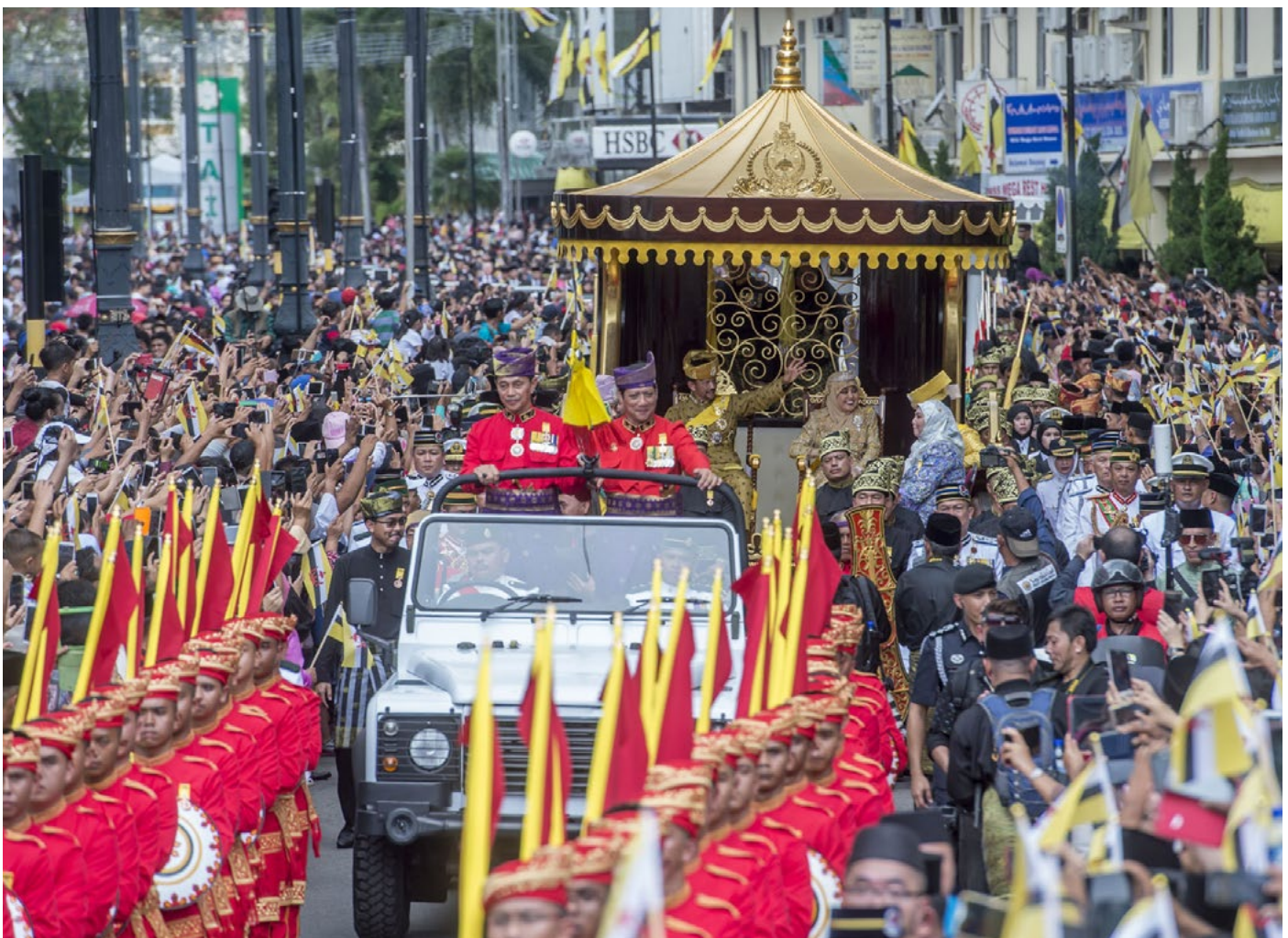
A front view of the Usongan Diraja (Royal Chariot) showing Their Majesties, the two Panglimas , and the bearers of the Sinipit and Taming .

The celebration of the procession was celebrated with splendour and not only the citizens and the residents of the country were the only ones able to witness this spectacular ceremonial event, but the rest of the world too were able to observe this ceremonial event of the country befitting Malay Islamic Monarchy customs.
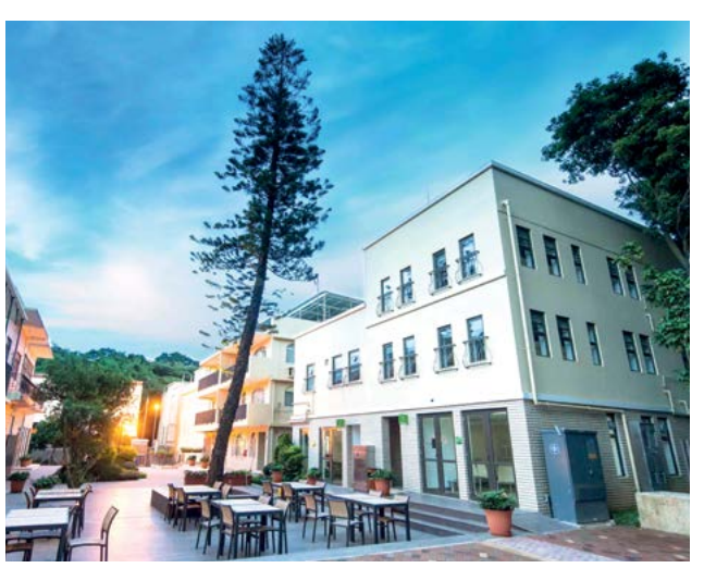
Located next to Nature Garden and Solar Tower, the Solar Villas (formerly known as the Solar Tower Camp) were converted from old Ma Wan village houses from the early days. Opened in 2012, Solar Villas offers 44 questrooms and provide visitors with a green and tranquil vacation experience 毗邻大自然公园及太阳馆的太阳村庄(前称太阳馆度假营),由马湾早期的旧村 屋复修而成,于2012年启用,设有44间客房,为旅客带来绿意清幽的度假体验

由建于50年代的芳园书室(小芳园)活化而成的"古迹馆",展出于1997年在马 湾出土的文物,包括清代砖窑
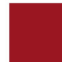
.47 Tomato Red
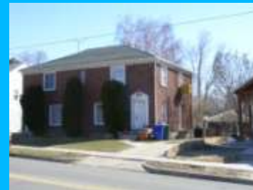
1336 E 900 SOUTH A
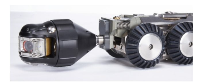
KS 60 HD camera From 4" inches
■ ■ ■ ■ ■
> Exercise description
The entries above need to be output again in full, exactly, and without pictures.

> Reply
A front view of the Usongan Diraja (Royal Chariot) showing Their Majesties, the two Panglimas , and the bearers of the Sinipit and Taming .

The celebration of the procession was celebrated with splendour and not only the citizens and the residents of the country were the only ones able to witness this spectacular ceremonial event, but the rest of the world too were able to observe this ceremonial event of the country befitting Malay Islamic Monarchy customs.
Located next to Nature Garden and Solar Tower, the Solar Villas (formerly known as the Solar Tower Camp) were converted from old Ma Wan village houses from the early days. Opened in 2012, Solar Villas offers 44 questrooms and provide visitors with a green and tranquil vacation experience 毗邻大自然公园及太阳馆的太阳村庄(前称太阳馆度假营),由马湾早期的旧村 屋复修而成,于2012年启用,设有44间客房,为旅客带来绿意清幽的度假体验

由建于50年代的芳园书室(小芳园)活化而成的"古迹馆",展出于1997年在马 湾出土的文物,包括清代砖窑
.47 Tomato Red
1336 E 900 SOUTH A
KS 60 HD camera From 4" inches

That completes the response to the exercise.